> _AIM OF THE EXERCISE_: Please copy the data below exactly, from its first line through the line holding "Hi! The commission", and skip the pictures.

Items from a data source
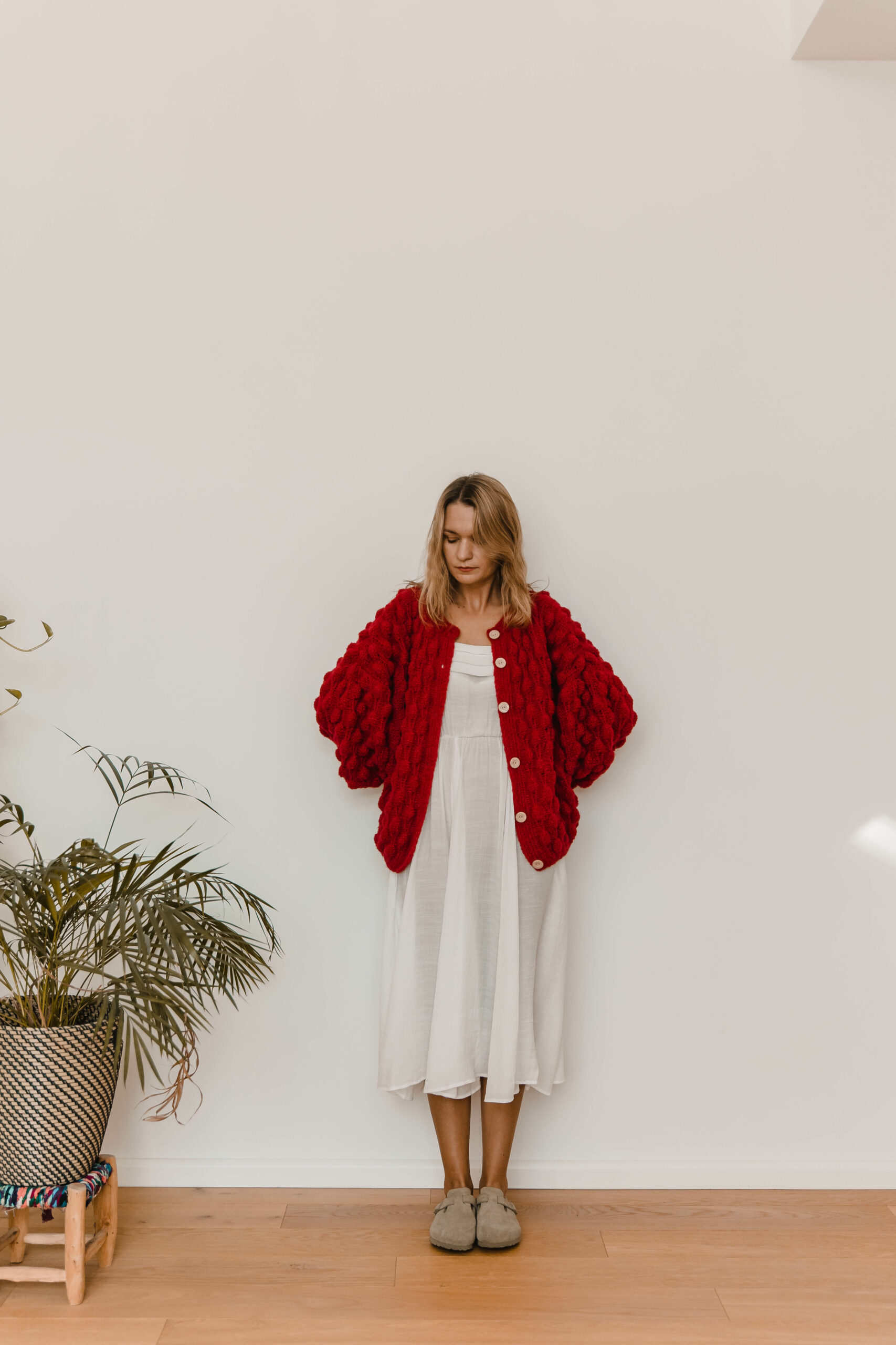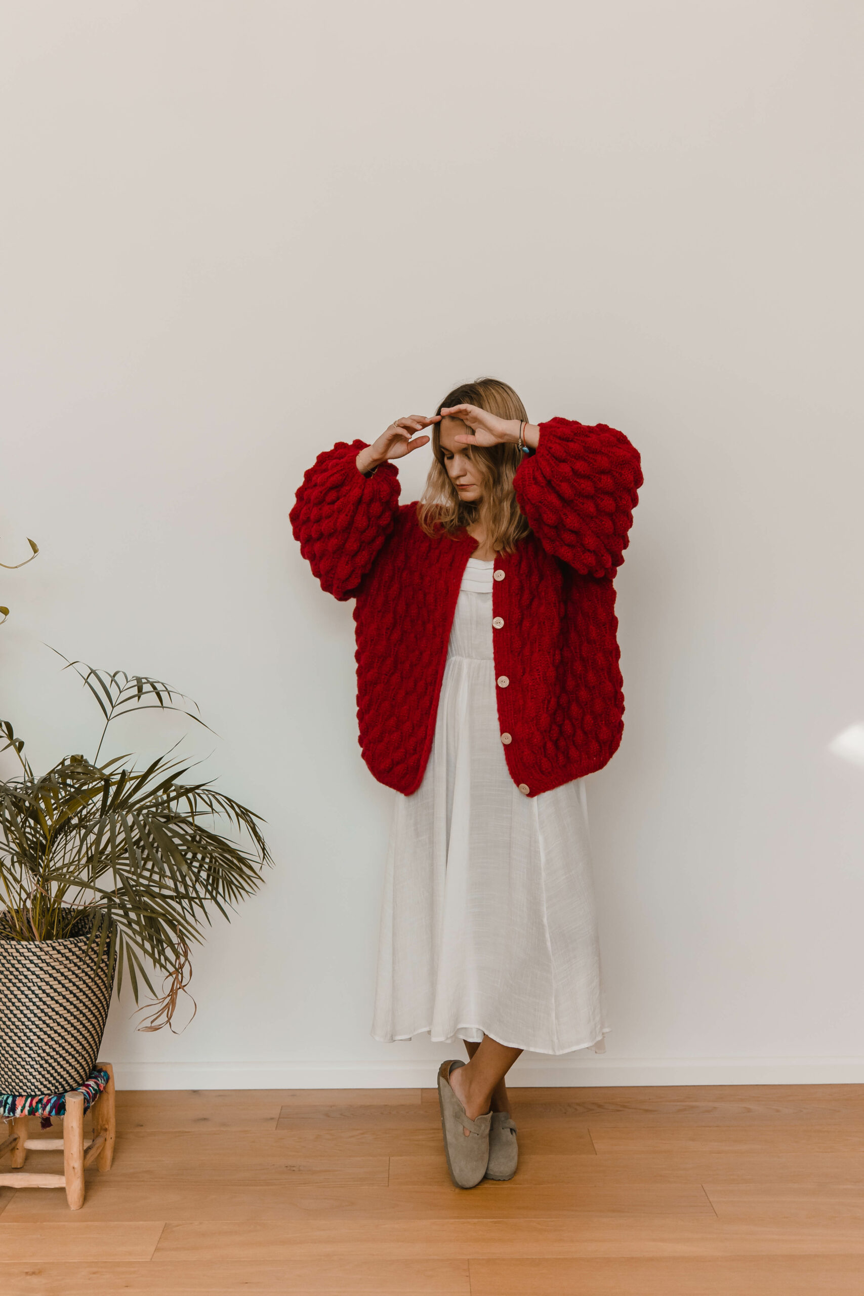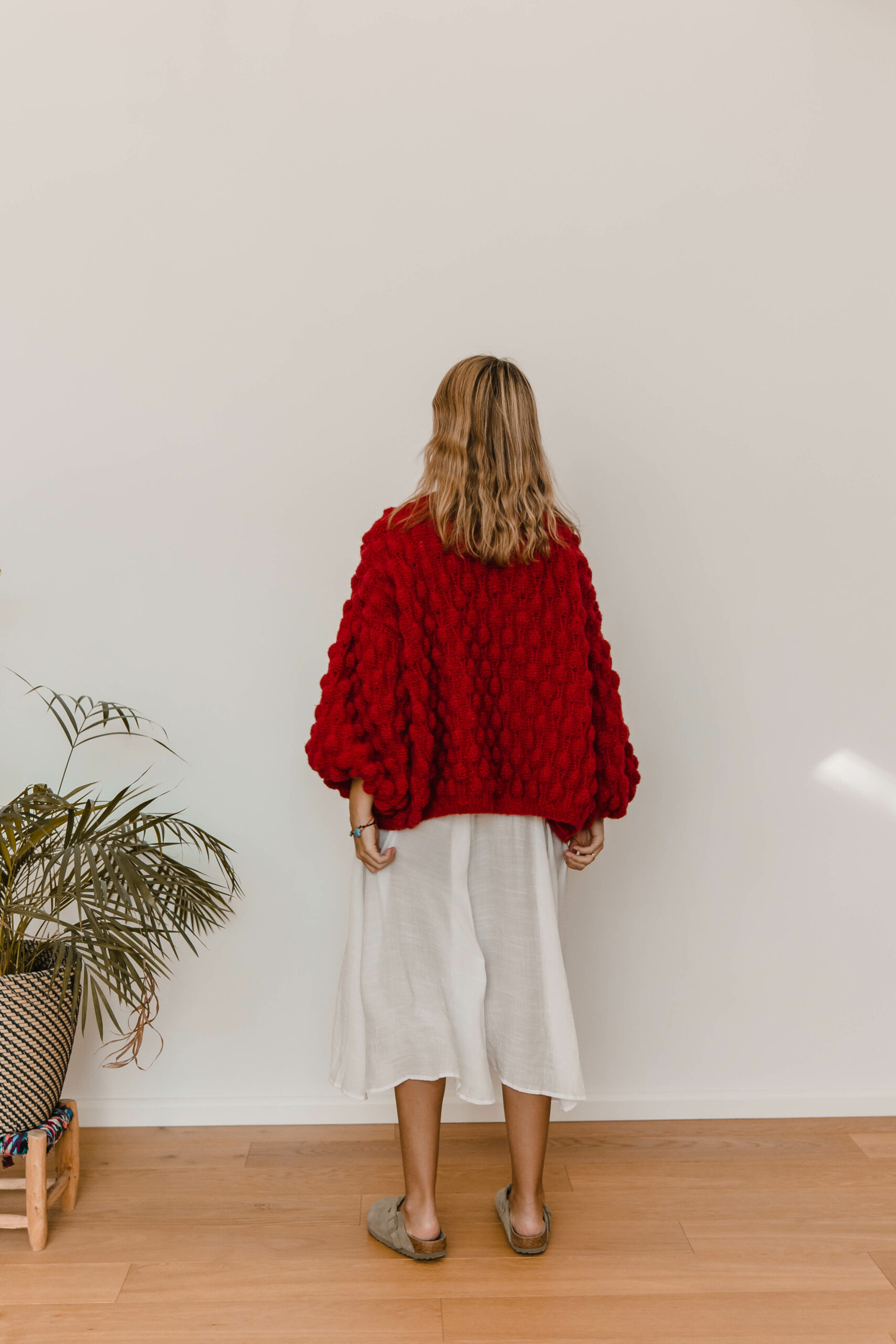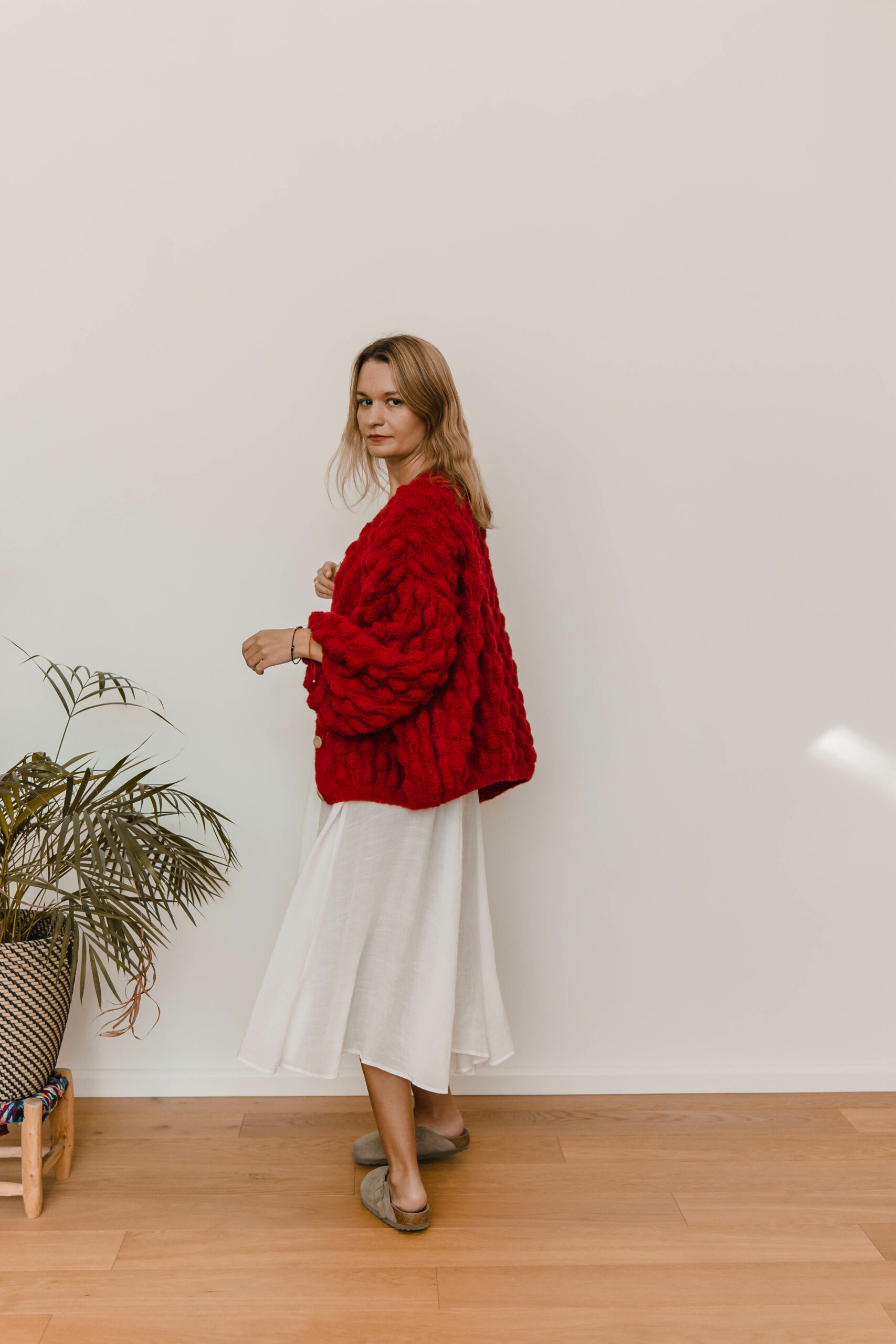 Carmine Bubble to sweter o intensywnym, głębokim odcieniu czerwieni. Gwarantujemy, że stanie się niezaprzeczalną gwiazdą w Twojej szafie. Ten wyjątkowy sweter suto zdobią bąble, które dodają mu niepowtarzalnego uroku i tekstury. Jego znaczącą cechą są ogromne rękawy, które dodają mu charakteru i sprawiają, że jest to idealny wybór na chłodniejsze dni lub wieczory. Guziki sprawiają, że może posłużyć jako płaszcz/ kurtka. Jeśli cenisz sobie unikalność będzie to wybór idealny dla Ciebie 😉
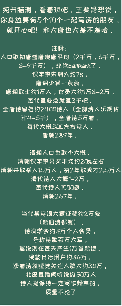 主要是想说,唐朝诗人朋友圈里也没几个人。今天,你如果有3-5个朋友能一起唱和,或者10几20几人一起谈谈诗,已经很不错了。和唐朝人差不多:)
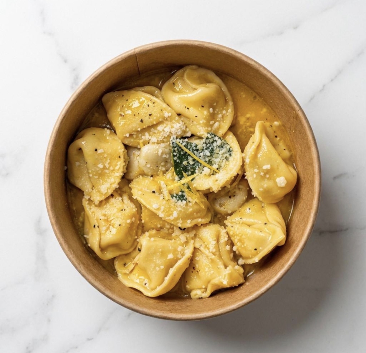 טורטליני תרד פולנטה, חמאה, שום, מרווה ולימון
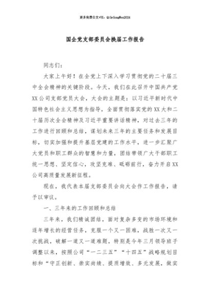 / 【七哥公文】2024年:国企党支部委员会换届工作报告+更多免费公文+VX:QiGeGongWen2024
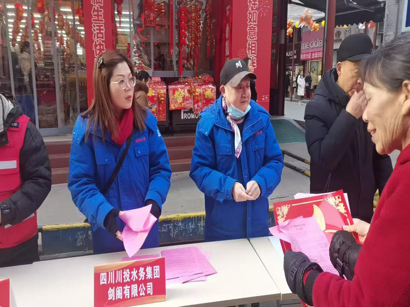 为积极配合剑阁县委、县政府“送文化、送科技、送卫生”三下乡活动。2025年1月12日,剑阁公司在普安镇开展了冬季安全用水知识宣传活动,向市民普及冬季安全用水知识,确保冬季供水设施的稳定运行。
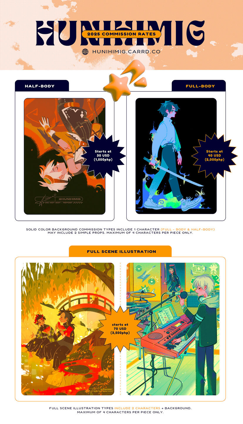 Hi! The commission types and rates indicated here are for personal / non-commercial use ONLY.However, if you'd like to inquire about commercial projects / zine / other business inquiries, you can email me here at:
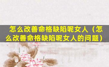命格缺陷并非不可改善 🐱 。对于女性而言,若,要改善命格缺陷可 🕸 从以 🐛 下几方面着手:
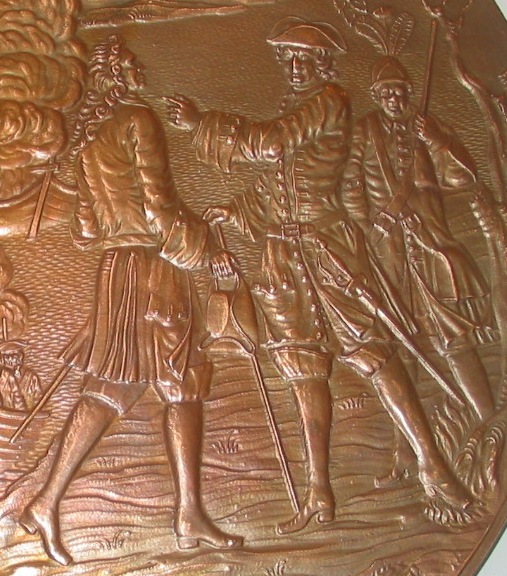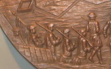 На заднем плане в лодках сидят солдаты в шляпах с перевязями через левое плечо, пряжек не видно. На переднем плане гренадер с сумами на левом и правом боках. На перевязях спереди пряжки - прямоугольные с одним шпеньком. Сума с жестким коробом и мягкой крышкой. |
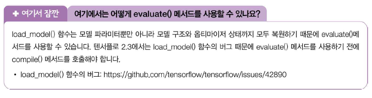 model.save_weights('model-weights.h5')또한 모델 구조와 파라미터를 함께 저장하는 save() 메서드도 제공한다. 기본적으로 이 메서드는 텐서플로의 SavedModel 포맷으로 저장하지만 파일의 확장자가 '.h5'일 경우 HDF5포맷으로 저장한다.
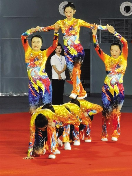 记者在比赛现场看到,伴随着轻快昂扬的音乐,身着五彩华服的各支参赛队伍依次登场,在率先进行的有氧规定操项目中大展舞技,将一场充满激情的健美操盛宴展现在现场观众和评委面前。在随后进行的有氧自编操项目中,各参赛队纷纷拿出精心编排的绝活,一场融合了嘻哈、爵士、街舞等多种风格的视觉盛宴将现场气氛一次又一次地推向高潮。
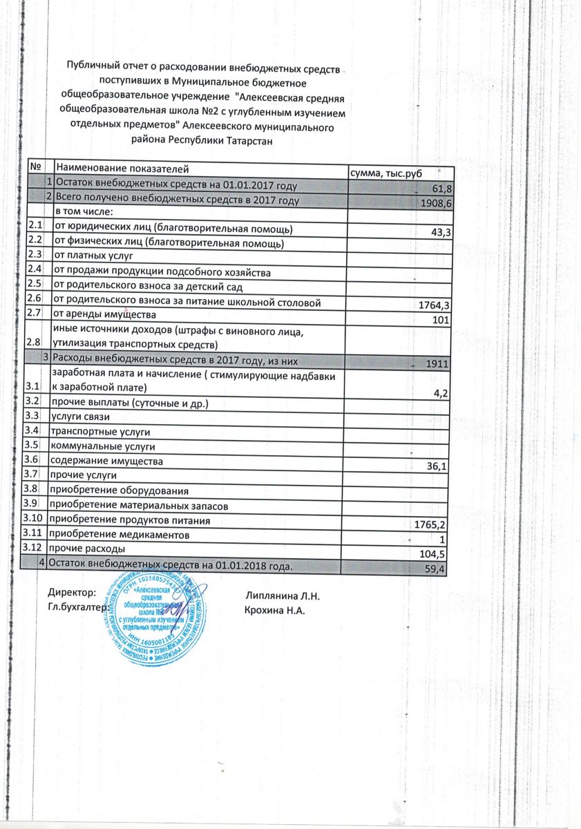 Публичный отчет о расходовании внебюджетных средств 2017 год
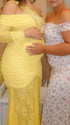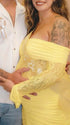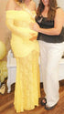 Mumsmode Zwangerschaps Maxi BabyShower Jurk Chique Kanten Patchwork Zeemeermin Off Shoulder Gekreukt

> _TASK ANSWER_:
 Carmine Bubble to sweter o intensywnym, głębokim odcieniu czerwieni. Gwarantujemy, że stanie się niezaprzeczalną gwiazdą w Twojej szafie. Ten wyjątkowy sweter suto zdobią bąble, które dodają mu niepowtarzalnego uroku i tekstury. Jego znaczącą cechą są ogromne rękawy, które dodają mu charakteru i sprawiają, że jest to idealny wybór na chłodniejsze dni lub wieczory. Guziki sprawiają, że może posłużyć jako płaszcz/ kurtka. Jeśli cenisz sobie unikalność będzie to wybór idealny dla Ciebie 😉
 主要是想说,唐朝诗人朋友圈里也没几个人。今天,你如果有3-5个朋友能一起唱和,或者10几20几人一起谈谈诗,已经很不错了。和唐朝人差不多:)
 טורטליני תרד פולנטה, חמאה, שום, מרווה ולימון
 / 【七哥公文】2024年:国企党支部委员会换届工作报告+更多免费公文+VX:QiGeGongWen2024
 为积极配合剑阁县委、县政府“送文化、送科技、送卫生”三下乡活动。2025年1月12日,剑阁公司在普安镇开展了冬季安全用水知识宣传活动,向市民普及冬季安全用水知识,确保冬季供水设施的稳定运行。
 Hi! The commission types and rates indicated here are for personal / non-commercial use ONLY.However, if you'd like to inquire about commercial projects / zine / other business inquiries, you can email me here at:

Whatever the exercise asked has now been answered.